Records from a data collection:
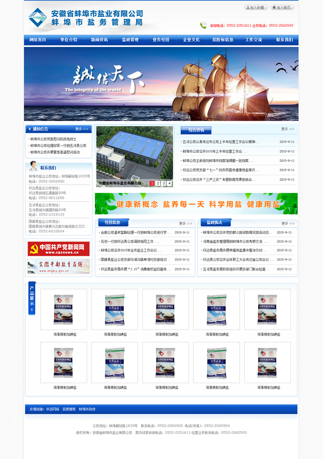 多年來,蚌埠鹽業(yè)認真貫徹落實國家《食鹽專營辦法》、《食鹽加碘消除碘缺乏危害管理條例》,始終以食鹽市場安全穩(wěn)定為天職,忠實履職,恪盡職守。一方面對全市鹽業(yè)市場進行鹽政監(jiān)管,嚴厲打擊鹽業(yè)違法犯罪,全力維護食鹽市場安全穩(wěn)定;另一方面負責組織開展食鹽專營,致力為消費者提供安全、優(yōu)質、放心的加碘食鹽,確保全市371萬人口的食鹽供應。與此同時,蚌埠鹽業(yè)主動適應市場需要,積極拓展非鹽經營,在發(fā)展的道路上不斷深化改革,自主創(chuàng)新,產業(yè)結構轉型邁出堅實步伐,全區(qū)總資產已近8000萬元,現(xiàn)有經營倉儲面積約1.5萬平米,在建倉庫1萬余平米。2014年實現(xiàn)銷售收入14762.69萬元,其中食鹽銷售4967.40萬元,非鹽銷售9795.20萬元、實現(xiàn)利稅1124.52萬元,經濟社會效益居全省同行領先。先后榮獲全省鹽業(yè)系統(tǒng)先進單位五連冠、安徽省勞動保障誠信示范企業(yè)、安徽省衛(wèi)生先進單位、檔案管理考核安徽省一級單位、蚌埠市A級納稅信用單位、蚌埠市第十四屆文明單位等多項榮譽稱號。
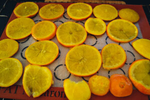 Die im Sirup gekochten Orangenscheiben und Schalen im vorgeheizten Backofen bei 80 Grad ca. 1 Stunde trocknen
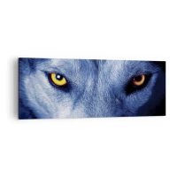 Bild auf Leinwand - Leinwandbild - Nahaufnahme des intensiven Blicks eines Wolfes vor dunklem Hintergrund - 140x50cm - Faszinierender Blick - Moderne Wanddekoration für Wohnzimmer und Schlafzimmer ARTTOR
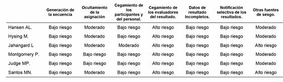 Los riesgos de sesgo según criterios GRADE determinaron que dos estudios fueran clasificados como moderado riesgo de sesgo13,15, 3 como alto riesgo11,14,16 y 1 en nivel de no cumplimiento12 (Tabla 3).
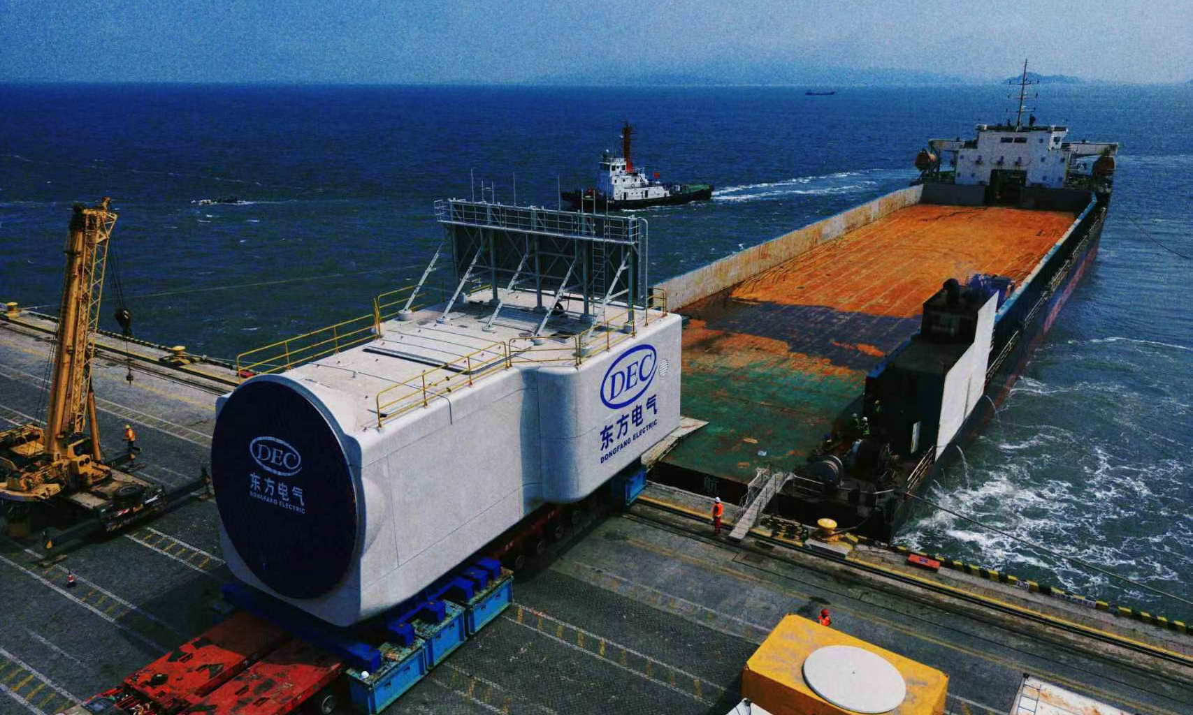 近日,由東方電氣集團研制的全球單機容量最大26兆瓦海上風電機組核心部件——153米全球最長葉片和超500噸全球最重機艙,安全抵達山東東營廣利港。

• **What you are asked to do**
Return each line above word for word. Skip the pictures.

• **Finished exercise**
 多年來,蚌埠鹽業(yè)認真貫徹落實國家《食鹽專營辦法》、《食鹽加碘消除碘缺乏危害管理條例》,始終以食鹽市場安全穩(wěn)定為天職,忠實履職,恪盡職守。一方面對全市鹽業(yè)市場進行鹽政監(jiān)管,嚴厲打擊鹽業(yè)違法犯罪,全力維護食鹽市場安全穩(wěn)定;另一方面負責組織開展食鹽專營,致力為消費者提供安全、優(yōu)質、放心的加碘食鹽,確保全市371萬人口的食鹽供應。與此同時,蚌埠鹽業(yè)主動適應市場需要,積極拓展非鹽經營,在發(fā)展的道路上不斷深化改革,自主創(chuàng)新,產業(yè)結構轉型邁出堅實步伐,全區(qū)總資產已近8000萬元,現(xiàn)有經營倉儲面積約1.5萬平米,在建倉庫1萬余平米。2014年實現(xiàn)銷售收入14762.69萬元,其中食鹽銷售4967.40萬元,非鹽銷售9795.20萬元、實現(xiàn)利稅1124.52萬元,經濟社會效益居全省同行領先。先后榮獲全省鹽業(yè)系統(tǒng)先進單位五連冠、安徽省勞動保障誠信示范企業(yè)、安徽省衛(wèi)生先進單位、檔案管理考核安徽省一級單位、蚌埠市A級納稅信用單位、蚌埠市第十四屆文明單位等多項榮譽稱號。
 Die im Sirup gekochten Orangenscheiben und Schalen im vorgeheizten Backofen bei 80 Grad ca. 1 Stunde trocknen
 Bild auf Leinwand - Leinwandbild - Nahaufnahme des intensiven Blicks eines Wolfes vor dunklem Hintergrund - 140x50cm - Faszinierender Blick - Moderne Wanddekoration für Wohnzimmer und Schlafzimmer ARTTOR
 Los riesgos de sesgo según criterios GRADE determinaron que dos estudios fueran clasificados como moderado riesgo de sesgo13,15, 3 como alto riesgo11,14,16 y 1 en nivel de no cumplimiento12 (Tabla 3).
 近日,由東方電氣集團研制的全球單機容量最大26兆瓦海上風電機組核心部件——153米全球最長葉片和超500噸全球最重機艙,安全抵達山東東營廣利港。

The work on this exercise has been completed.